Last week, archaeologists presented the mayor of Jerusalem with an ancient clay seal, discovered on the Temple Mount and inscribed with the words, “belonging to the governor of the city.” Amanda Borschel-Dan explains its significance:
According to the site’s excavator Shlomit Weksler-Bdolah, “this is the first time that such an impression was found in an authorized excavation. It supports the biblical rendering of the existence of a governor of the city in Jerusalem 2,700 years ago.”

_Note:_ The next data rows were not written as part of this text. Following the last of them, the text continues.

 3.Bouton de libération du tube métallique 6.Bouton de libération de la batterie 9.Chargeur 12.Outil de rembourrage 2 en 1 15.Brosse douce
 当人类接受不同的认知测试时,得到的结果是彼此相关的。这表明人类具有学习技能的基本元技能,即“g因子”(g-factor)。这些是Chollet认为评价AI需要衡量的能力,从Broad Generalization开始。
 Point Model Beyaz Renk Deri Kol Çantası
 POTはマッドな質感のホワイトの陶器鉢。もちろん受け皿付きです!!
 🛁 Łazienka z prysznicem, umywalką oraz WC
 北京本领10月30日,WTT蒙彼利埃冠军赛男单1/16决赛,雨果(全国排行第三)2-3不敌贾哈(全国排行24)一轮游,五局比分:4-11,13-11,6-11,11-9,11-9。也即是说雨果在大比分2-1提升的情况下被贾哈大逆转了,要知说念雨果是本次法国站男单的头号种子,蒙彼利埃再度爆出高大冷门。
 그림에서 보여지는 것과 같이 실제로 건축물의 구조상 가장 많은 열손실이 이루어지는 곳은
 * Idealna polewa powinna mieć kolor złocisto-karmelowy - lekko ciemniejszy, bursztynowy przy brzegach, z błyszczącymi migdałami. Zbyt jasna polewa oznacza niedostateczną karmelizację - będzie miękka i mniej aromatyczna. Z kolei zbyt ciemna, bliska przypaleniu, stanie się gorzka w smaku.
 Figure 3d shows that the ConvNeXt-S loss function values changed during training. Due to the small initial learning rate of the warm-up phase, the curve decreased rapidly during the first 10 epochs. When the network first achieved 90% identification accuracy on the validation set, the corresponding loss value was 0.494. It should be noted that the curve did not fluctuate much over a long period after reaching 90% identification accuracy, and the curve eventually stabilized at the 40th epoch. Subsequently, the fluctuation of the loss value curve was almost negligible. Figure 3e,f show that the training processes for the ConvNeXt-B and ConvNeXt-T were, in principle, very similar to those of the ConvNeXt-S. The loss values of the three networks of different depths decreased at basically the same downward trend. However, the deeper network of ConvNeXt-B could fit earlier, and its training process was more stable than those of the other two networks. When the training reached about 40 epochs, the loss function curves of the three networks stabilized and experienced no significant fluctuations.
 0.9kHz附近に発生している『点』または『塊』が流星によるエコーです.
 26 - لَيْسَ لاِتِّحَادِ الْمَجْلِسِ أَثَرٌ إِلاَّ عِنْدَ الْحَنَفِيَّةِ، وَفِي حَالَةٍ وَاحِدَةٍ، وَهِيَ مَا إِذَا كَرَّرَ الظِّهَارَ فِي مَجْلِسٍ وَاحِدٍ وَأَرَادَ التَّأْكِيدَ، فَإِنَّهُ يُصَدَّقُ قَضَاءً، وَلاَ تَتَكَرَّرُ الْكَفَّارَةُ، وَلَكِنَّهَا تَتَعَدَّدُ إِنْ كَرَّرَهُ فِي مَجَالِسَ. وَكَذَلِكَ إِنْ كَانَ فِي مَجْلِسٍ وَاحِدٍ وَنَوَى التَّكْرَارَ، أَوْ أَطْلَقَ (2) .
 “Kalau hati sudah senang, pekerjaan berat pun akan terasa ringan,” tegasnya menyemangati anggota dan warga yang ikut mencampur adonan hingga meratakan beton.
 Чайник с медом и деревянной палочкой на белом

The minuscule clay seal impression . . . was found while researchers were examining the dust from a First Temple structure 100 meters northwest of the Western Wall at a site that the Israel Antiquities Authority has been excavating since 2005. The excavations have offered up insights into Jerusalem’s Second Temple and Roman periods, as well as a massive Iron Age [i.e., First Temple-period or earlier] four-room building where an eclectic collection of six other seals were uncovered, whose origins point to a thriving cosmopolitan center or settlement.
“The seal impression . . . served as some sort of logo, or as a tiny souvenir, which was sent on behalf of the governor of the city,” said Weksler-Bdolah, . . . [who explained] that the governor most likely functioned much like today’s mayor. The role is mentioned in the Hebrew Bible: in 2Kings, someone named Joshua is listed as the governor of the city in the days of King Hezekiah, and in 2Chronicles, Maaseiah is noted as governor of the city in the days of King Josiah.